The wall decorations in Marietta Pisani's house, as detailed in 1623, are more difficult to categorize. The inventory lists them together without delineating location. In spite of this, the collection is revealing. Out of a total of 67 pictures, 25 were of religious subjects, including 13 madonnas. There were also representations of the Three Wise Men, Christ, Mary Magdalene and Saint Francis. In addition, Pisani had two images of senators (possibly Roman or Venetian), one each of the king of France and an unspecified prince, and a sketch of a general. She also had seven maps.Footnote 52

In contrast to the lack of information about their location in the house, the map entries in Pisani's inventory are relatively detailed. One map is described as an ‘image of the Geography of all of the world’.Footnote 53 Alongside this map were ‘images of the four parts of the world’, meaning individual maps of Europe, Asia, Africa and America in accordance with the fashion that had grown in popularity during the sixteenth century.Footnote 54 The presence of a set of ‘modern’ maps hint at the contemporary shift away from classical knowledge towards contemporary geography. There were also several landscapes described as a quadretto con un paese [countryside] and two telari[framed images] di paesi. These may have been landscapes in the style recently popularized by the Flemish, or they may have depicted specific regions. The inventory also listed a quadro con il disegno della citta di Verona, where Pisani's ancestors had served as podestà in the fifteenth century, which would have been both a reminder of the family's power and of the recently built Pisani villa in Verona.Footnote 55

Whereas the Pisani household appears to have had a taste for a wide spread of visual subjects consistent with the general idea of a ‘Renaissance home’, in another home the focus was explicitly on maps as a means of advertising the family's standing in the community. When an inventory was made in 1631 of Marco Dandolo's home, his rooms revealed a particular interest in city maps. There were maps of Buda, Rome and Padua. Next to these, following ‘an old parchment with a description of other territories drawn in pen’, came a printed map of Bergamo.Footnote 56 The same room contained ‘two printed maps in large folio one a sketch of Friuli and the other of the Duchy of Carniola’.Footnote 57 Dandolo also had something not encountered anywhere else in the Venetian inventories: a ‘drawing [disegno] in paper attached to cloth of Piran and territory’.Footnote 58

Piran, on the Istrian peninsula, had been under Venetian control since 1282. This map was perhaps intended to indicate Dandolo's trading interests with either just the town or with the region as a whole. Moreover, since Dandolo came from a politically involved family that had produced four doges and numerous regional governors in the Terrafirma, the map of Piran, taken together with those of Rome and Buda as well as more local places such as Bergamo and Padua, suggests that his collection was intended to underline his personal connections with the world as controlled by or aligned with Venice as well as Venice's supremacy.
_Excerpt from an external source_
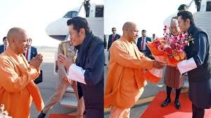 ਲਖਨਊ (ਨੇਹਾ): ਭੂਟਾਨ ਦੇ ਰਾਜਾ ਜਿਗਮੇ ਖੇਸਰ ਨਾਮਗਾਇਲ ਵਾਂਗਚੱਕ ਸੋਮਵਾਰ ਨੂੰ ਲਖਨਊ ਪਹੁੰਚੇ। ਚੌਧਰੀ ਚਰਨ ਸਿੰਘ ਅੰਤਰਰਾਸ਼ਟਰੀ ਹਵਾਈ ਅੱਡੇ 'ਤੇ ਮੁੱਖ ਮੰਤਰੀ ਯੋਗੀ ਆਦਿੱਤਿਆਨਾਥ ਨੇ ਉਨ੍ਹਾਂ ਦਾ ਗੁਲਦਸਤੇ ਨਾਲ ਸਵਾਗਤ ਕੀਤਾ। ਉਹ ਅੱਜ (ਮੰਗਲਵਾਰ) ਪ੍ਰਯਾਗਰਾਜ ਮਹਾਕੁੰਭ ਵਿੱਚ ਜਾਣਗੇ ਅਤੇ ਸੰਗਮ ਵਿੱਚ ਪਵਿੱਤਰ ਤ੍ਰਿਵੇਣੀ ਵਿੱਚ ਇਸ਼ਨਾਨ ਕਰਨਗੇ ਅਤੇ ਪੂਜਾ ਕਰਨਗੇ। ਮੁੱਖ ਮੰਤਰੀ ਯੋਗੀ ਆਦਿੱਤਿਆਨਾਥ ਅਤੇ ਵਿੱਤ ਮੰਤਰੀ ਸੁਰੇਸ਼ ਖੰਨਾ ਨੇ ਲਖਨਊ ਦੇ ਤਾਜ ਹੋਟਲ ਵਿੱਚ ਭੂਟਾਨ ਦੇ ਰਾਜਾ ਨਾਲ ਸ਼ਿਸ਼ਟਾਚਾਰ ਮੁਲਾਕਾਤ ਕੀਤੀ। ਰਾਜਪਾਲ ਆਨੰਦੀਬੇਨ ਪਟੇਲ ਦੀ ਤਰਫੋਂ ਰਾਜ ਭਵਨ ਵਿੱਚ ਭੂਟਾਨ ਦੇ ਰਾਜੇ ਦੇ ਸਨਮਾਨ ਵਿੱਚ ਰਾਤ ਦੇ ਖਾਣੇ ਦਾ ਆਯੋਜਨ ਕੀਤਾ ਗਿਆ। ਇਸ ਮੌਕੇ ਰਾਜ ਭਵਨ ਪਹੁੰਚਣ 'ਤੇ ਰਾਜਪਾਲ ਅਤੇ ਮੁੱਖ ਮੰਤਰੀ ਨੇ ਉਨ੍ਹਾਂ ਦਾ ਸਵਾਗਤ ਕੀਤਾ।
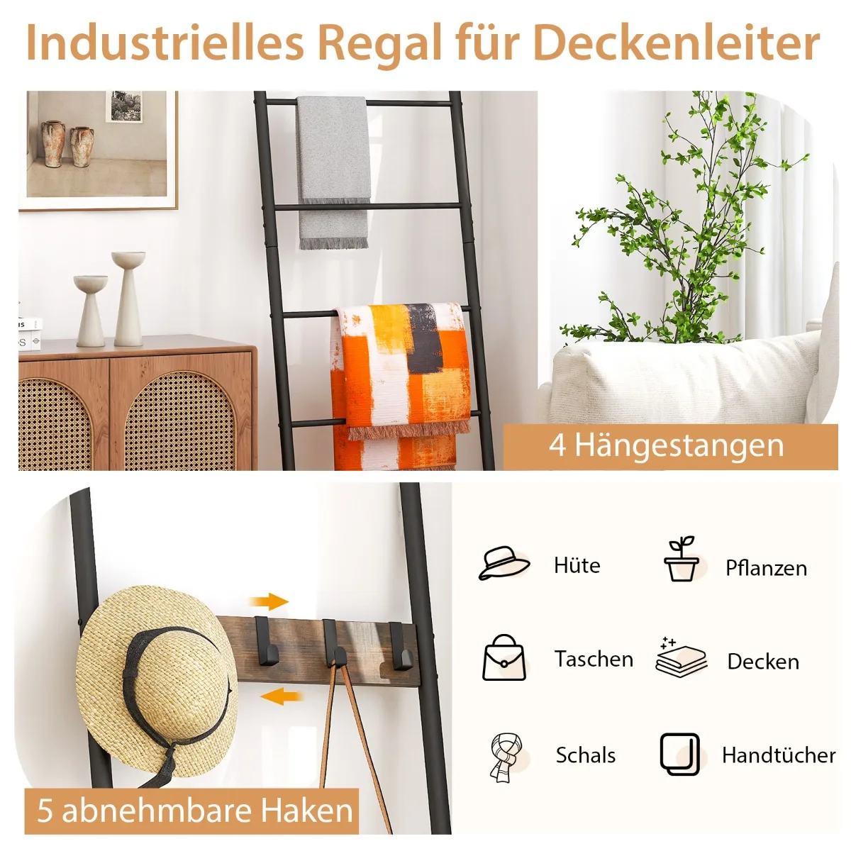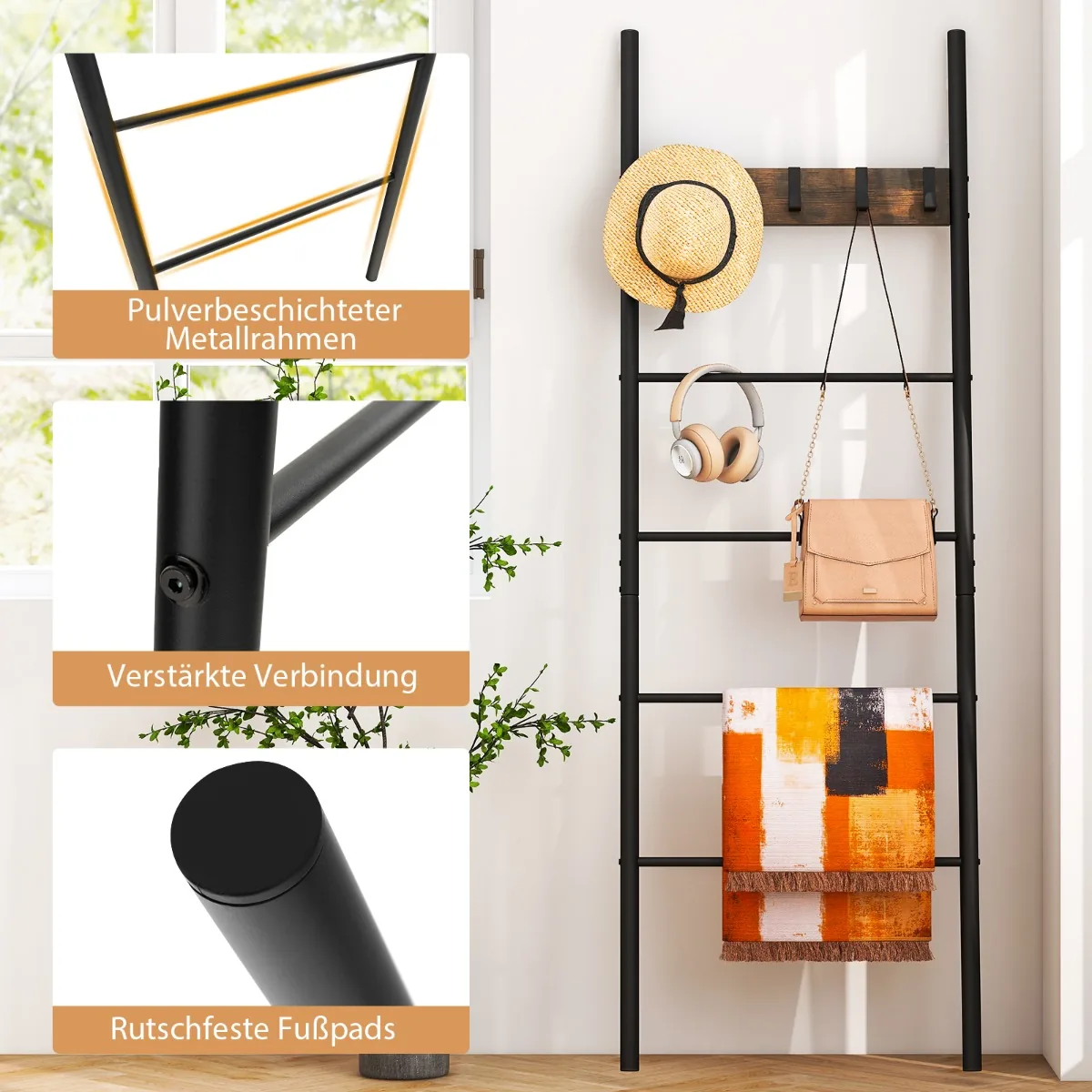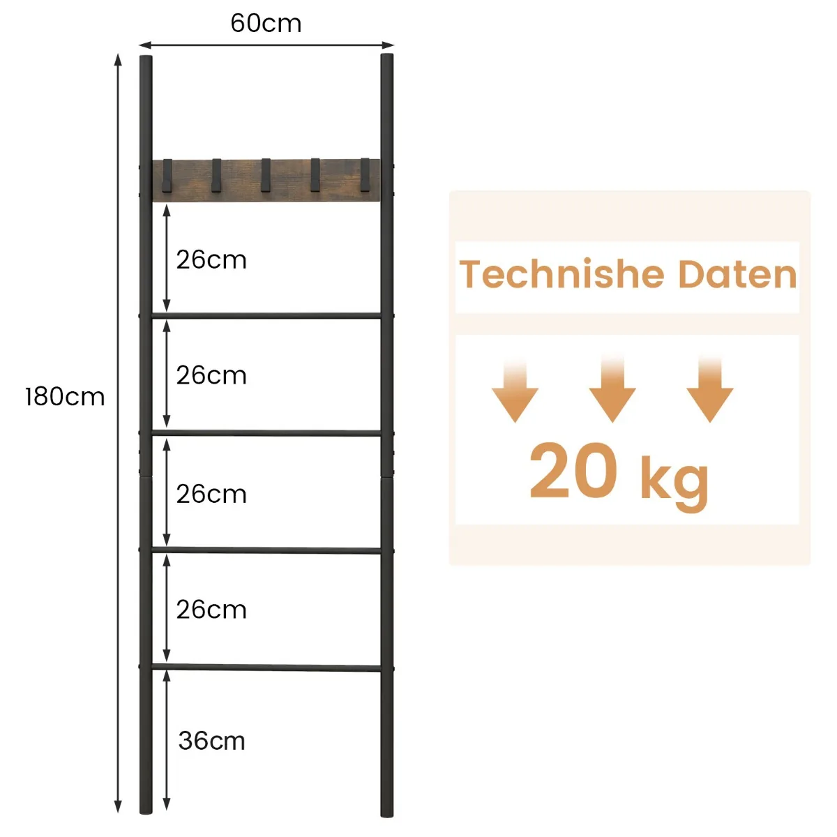 Drabužių kabykla 60×3,2×180 cm juodos ir rudos spalvų derinyje yra praktiškas sprendimas drabužių ir kitų daiktų organizavimui. Ši lentyna su 5 pakopomis ir kabliukais puikiai tinka mažoms gyvenamosioms erdvėms, vonios kambariams ar miegamiesiems, padedant sutvarkyti drabužius, rankšluosčius ar aksesuarus.

This interpretation is reinforced by yet another drawing, ‘painted with the arms of the Dandolo family’, of the fortress in Bergamo.Footnote 59 Dandolo would have had good reason to stamp Bergamo with the family's bearings for when, in 1437, his ancestor and namesake, Marco Dandolo, had served as Venetian ambassador to the Holy Roman Empire (and stood as representative for the Republic), the Empire had officially recognized Venice's claim to Bergamo, along with Padua, Treviso, Brescia and other parts of Venice's Terrafirma. Similarly, another of Marco's illustrious ancestors, Giovanni Dandolo, had served as podestà of Padua in the late thirteenth century and as doge had signed the treaty which brought Piran under Venetian control.Footnote 60 By the early seventeenth century, thus, the historically important Dandolo family had a strong claim—as demonstrated in the maps decorating their house in Venice—to close ties with the territory of Bergamo, the city of Padua, and the territory around Piran.

Dandolo was neither the first nor the only Venetian to draw attention to his or his family's connections with a particular province or region through the maps decorating their homes. In Marino Sanudo's portego, with its map of the world that Federico da Porto had found so enlightening, there had also been a view of Verona where Sanudo had once held a minor administrative position for sixteen months early in his career.Footnote 61

The practice apparently continued well into the seventeenth century. When, in 1626, the contents of Marco Crasso's house were recorded, the Officers found this cittadino veneto [citizen of Venice] had portraits of himself, his famous jurist brother Nicolo, and another relative named Alvise Crasso along with a map of Rome and two world maps.Footnote 62 Much later in the seventeenth century, Admiral Antonio Barbaro requested in his will of 1678 that the façade the church of Santa Maria del Giglio be carved with maps of the six cities in which he had served: Padua, Candia [Heraklion, Crete], Zara, Rome, Spalato [Split, Croatia] and Corfu (). These maps took the formerly private glorification of an individual through maps and turned it into a public testament to the naval and political glory of the family.Footnote 63

Fig. 4. The façade of Santa Maria del Giglio in Venice has six relief maps carved between 1679 and 1683 under the direction of Giuseppe Sardi. Shown here are those of (top) Rome and (bottom) Padua. The maps were requested by Antonio Barbaro as part of the larger effort to glorify his family's history. (Photography by Steve Carlton.)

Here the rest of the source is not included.